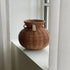 Denne rund vase er håndflettet i Vietnam i det naturlige og slidstærke materiale rattan. Den er lav og tyk med en smallere top øverst som giver et fint udtryk til vasen.
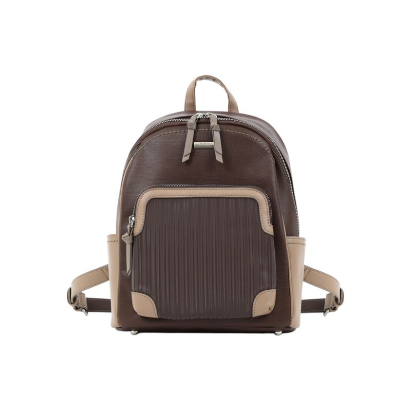 Rucsac DOCA maro cu detalii contrastante bej și buzunar frontal texturat 26COS04101
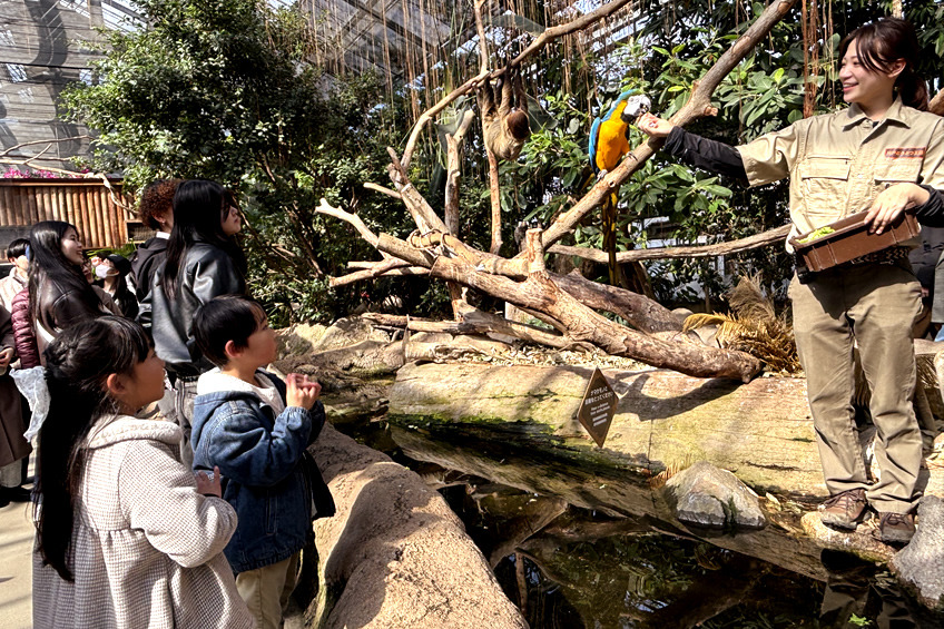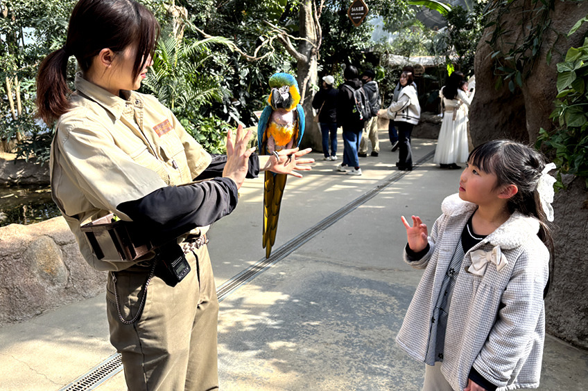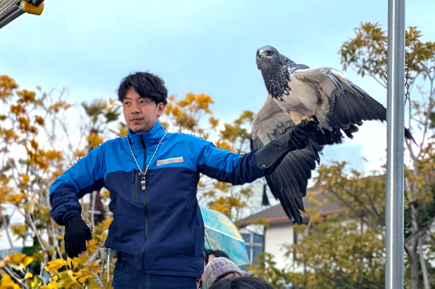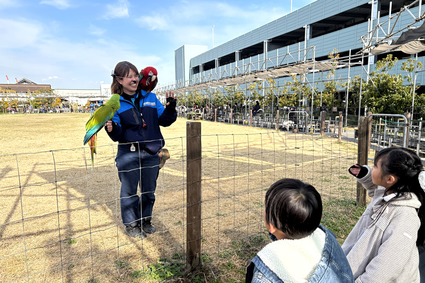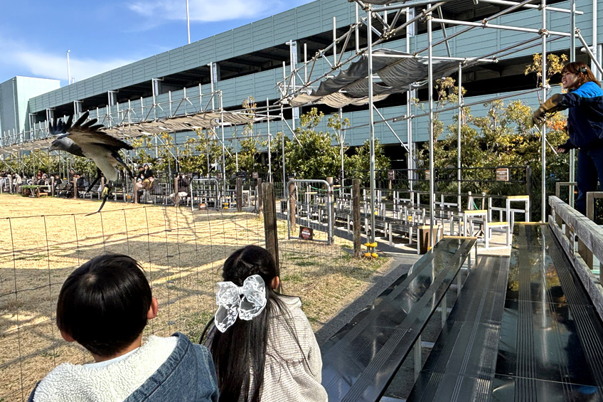 バードパフォーマンスは大迫力で、目の前をすごい速さで鳥が飛び交い、大人も子どもも大興奮。パフォーマンスの後、お見送りしてくれるスタッフ&鳥と記念撮影もできました。
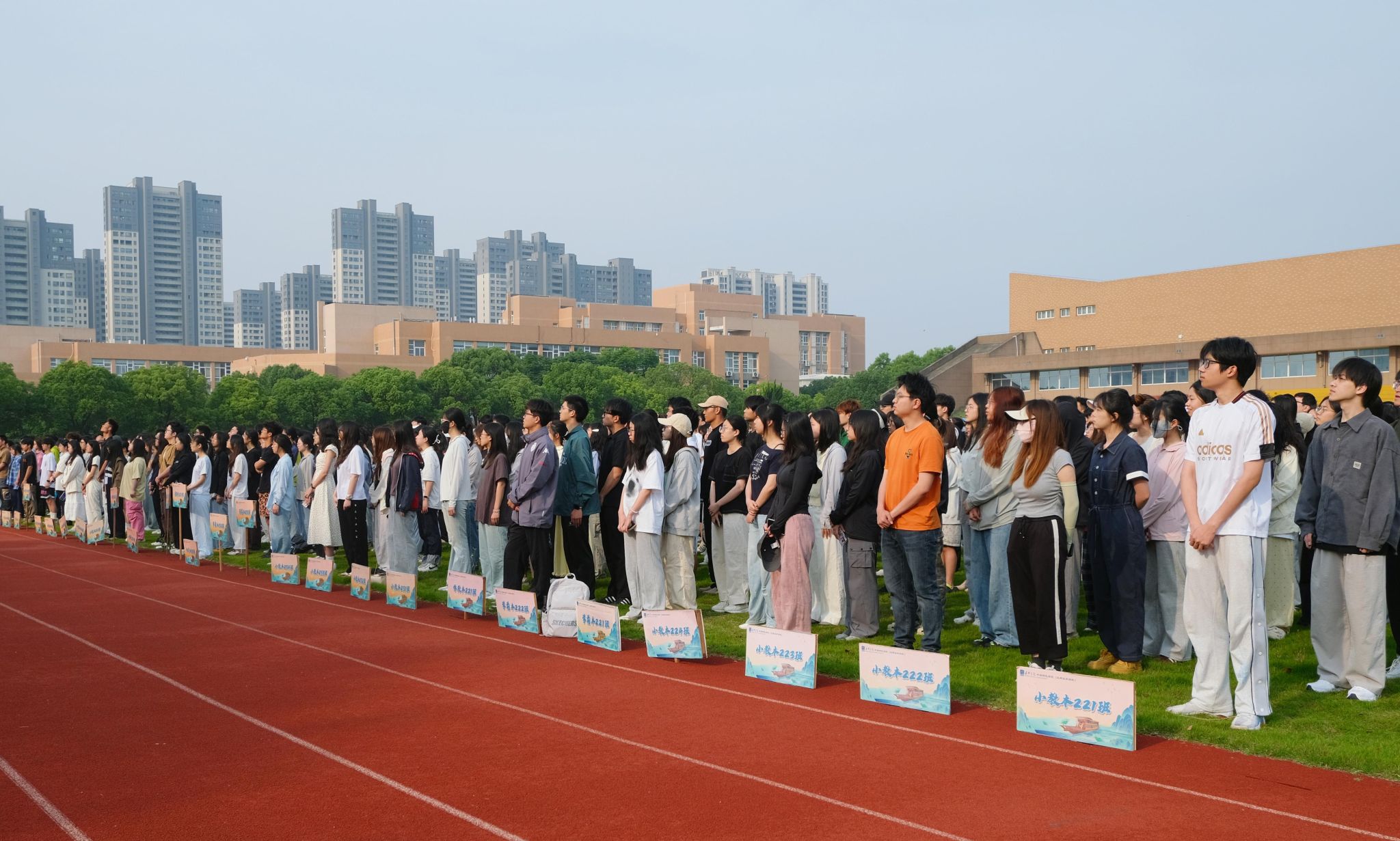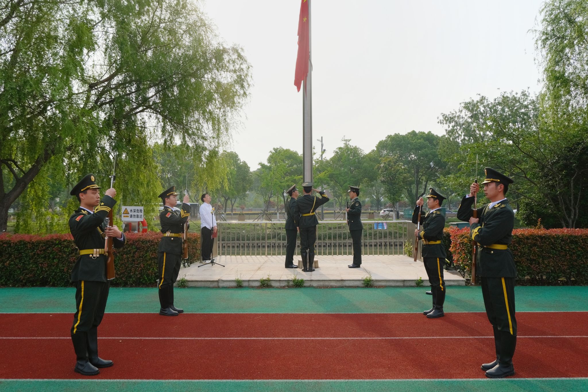随着仪式的开始,国旗护卫队身着笔挺的制服,肩扛鲜艳的五星红旗,步伐坚定而整齐,缓缓走向升旗台。国歌奏响,全体师生目光如炬,注视着国旗冉冉升起,齐唱国歌。
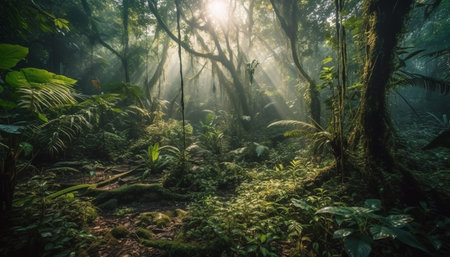 Tranquil scene of wet tropical rainforest growth generated by artificial intelligence
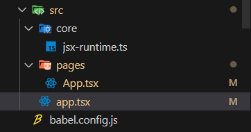 위처럼 설정하면 import { jsx, jsxs} from @core/jsx-runtime 으로 소스가 변경된다.
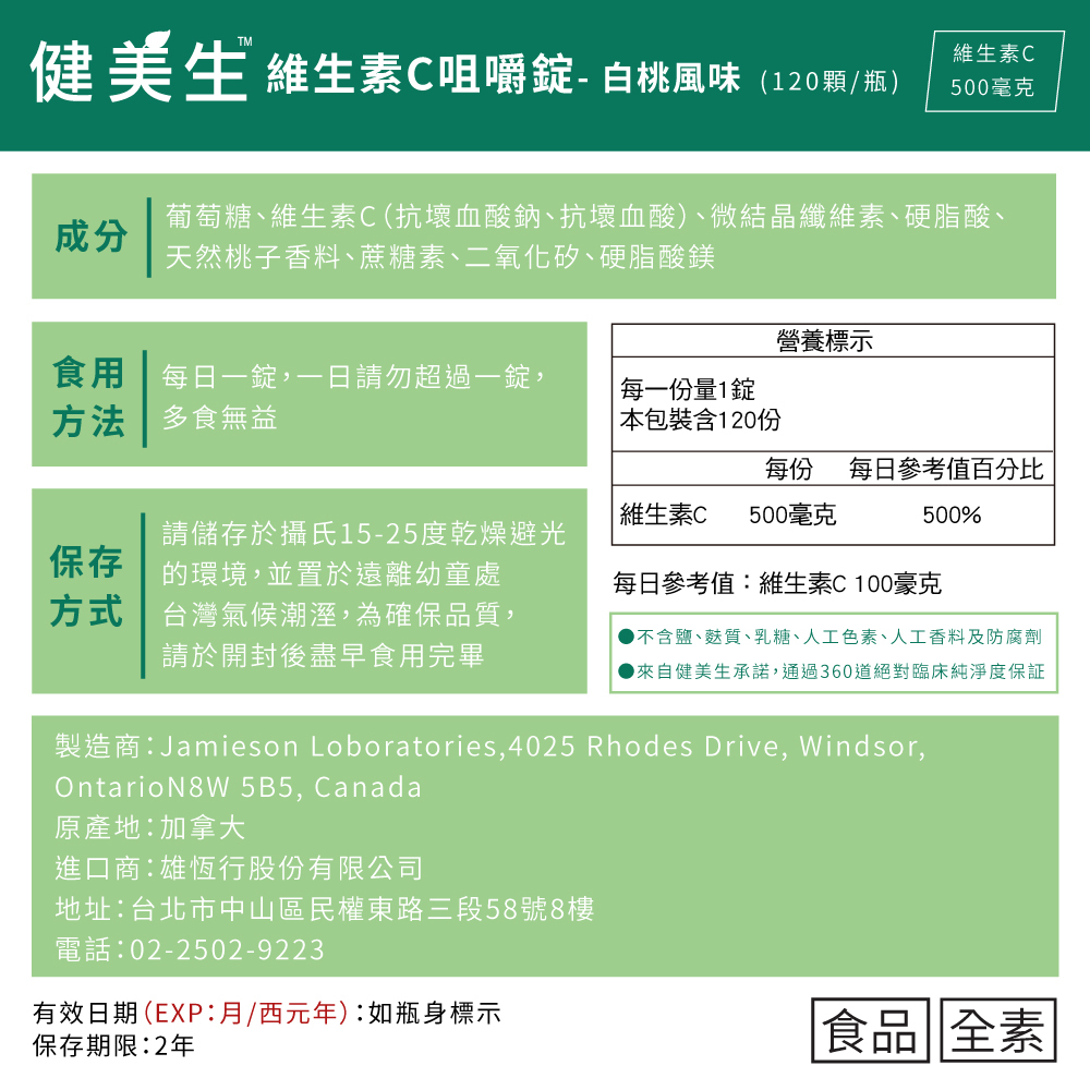 維生素C咀嚼錠-白桃風味 (兒童/成人) 120錠/瓶
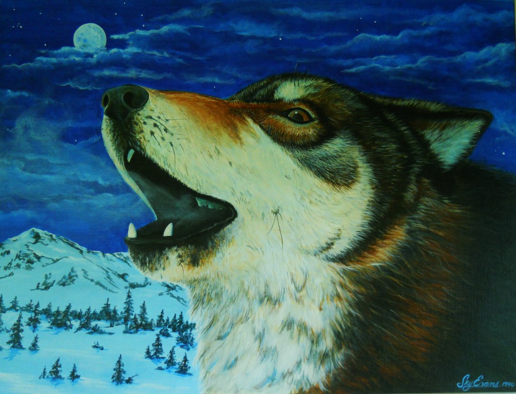 The only acrylic among the sea of oil paintings, the wolf painting still is a top seller of prints , cards and stickers. Everyone loves it… what’s not to like? Awwwwoooo!!
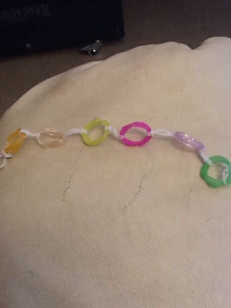 Paso 1: fuentes de Necesita un kit de inicio para el telar del arco iris y algunas elásticas.Paso 2: Colocar las bandas Iniciar colocando un color de borde y no empezar a poner encima de todo lo que tienes que hacer en los patrones.Paso 3: Colocar la
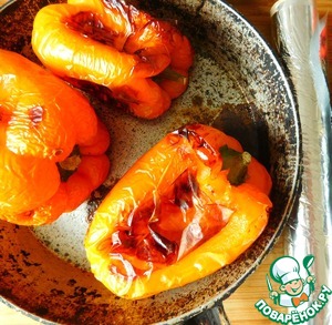 Когда кожица на перце покроется чёрными подпалинами, вынимаем сковороду из духовки и сразу укрываем фольгой. В таком виде даём перцу полностью остыть. За это время он пропарится от собственного жара, и обугленная кожица легко снимется. -
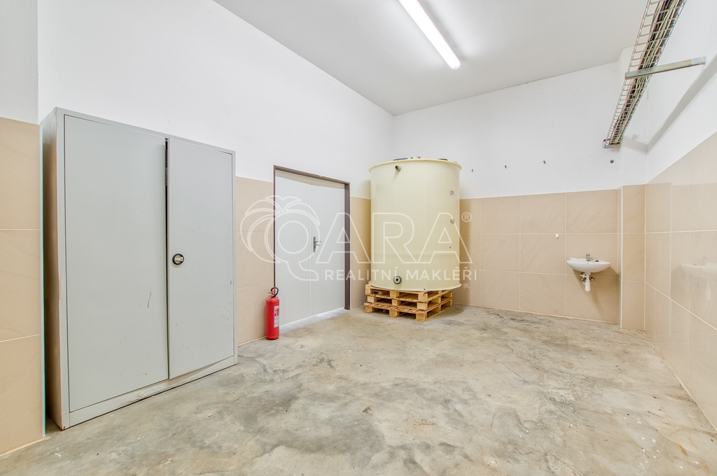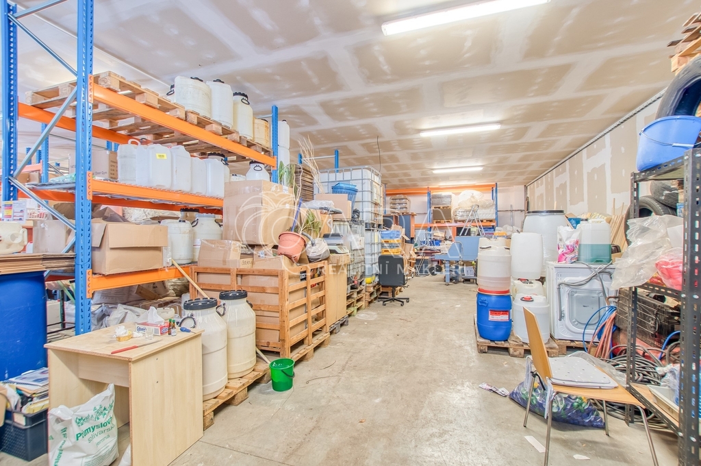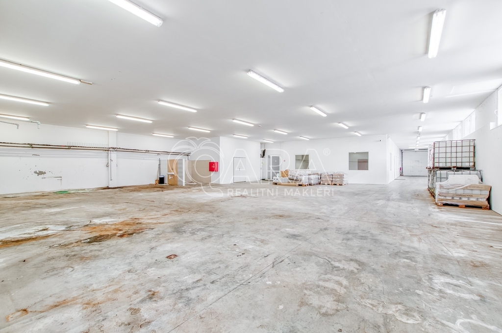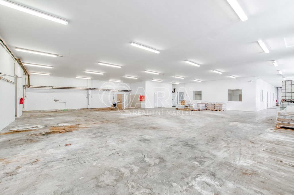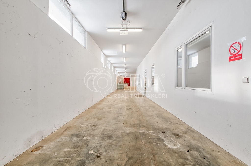 Hala je jednopodlažní, nepodsklepená a aktuálně schválená jako výrobní a skladovací stavba. Celková podlahová plocha činí přibližně 1 028,86 m². Dominantní část tvoří otevřený výrobní prostor rozdělený do navazujících celků o souhrnné výměře přibližně 786.9 m², které umožňují variabilní uspořádání technologie i skladových zón. Součástí je také administrativní část se třemi kancelářemi o výměrách 59,6 m², 27,3 m² a 27 m², kuchyní o velikosti 21,4 m² a kompletním hygienickým zázemím se čtyřmi sprchami a šesti toaletami oddělenými pro muže a ženy.
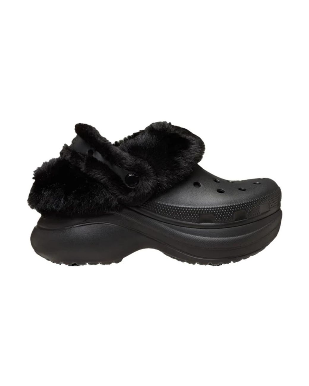 Crocs Bae Lined Clog combines an elevated platform with a plush faux-fur interior for warm, casual wear with added height. Built for everyday comfort, it pairs a contoured sole with a cosy lined collar and backstrap. Key attributes: Black | Nero | Croslite foam | Enhanced warmth | Dual Crocs Comfort™ cushioning | 2.4-inch / 60 mm platform height for added lift | Plush faux-fur collar and interior | Fuzzy backstrap with Jibbitz compatibility | Closed vent holes for added warmth | Platform sole | Textured details around heel and toe box | Ultra-contoured outsole | Dimensions & fit: Heel height: 60 mm / 2.4 in (measured from floor to heel rest) | Composition & care: Croslite foam | Faux fur (polyester) | Wipe clean with a damp cloth; air dry. Colour: black

= = = =

What needs to be done: Starting with the line that has "バードパフォーマンスは大迫力" and ending with the line that has "Paso 1: fuentes", repeat the lines above exactly, omitting every picture.

Answer:
 バードパフォーマンスは大迫力で、目の前をすごい速さで鳥が飛び交い、大人も子どもも大興奮。パフォーマンスの後、お見送りしてくれるスタッフ&鳥と記念撮影もできました。
随着仪式的开始,国旗护卫队身着笔挺的制服,肩扛鲜艳的五星红旗,步伐坚定而整齐,缓缓走向升旗台。国歌奏响,全体师生目光如炬,注视着国旗冉冉升起,齐唱国歌。
 Tranquil scene of wet tropical rainforest growth generated by artificial intelligence
 위처럼 설정하면 import { jsx, jsxs} from @core/jsx-runtime 으로 소스가 변경된다.
 維生素C咀嚼錠-白桃風味 (兒童/成人) 120錠/瓶
 The only acrylic among the sea of oil paintings, the wolf painting still is a top seller of prints , cards and stickers. Everyone loves it… what’s not to like? Awwwwoooo!!
 Paso 1: fuentes de Necesita un kit de inicio para el telar del arco iris y algunas elásticas.Paso 2: Colocar las bandas Iniciar colocando un color de borde y no empezar a poner encima de todo lo que tienes que hacer en los patrones.Paso 3: Colocar la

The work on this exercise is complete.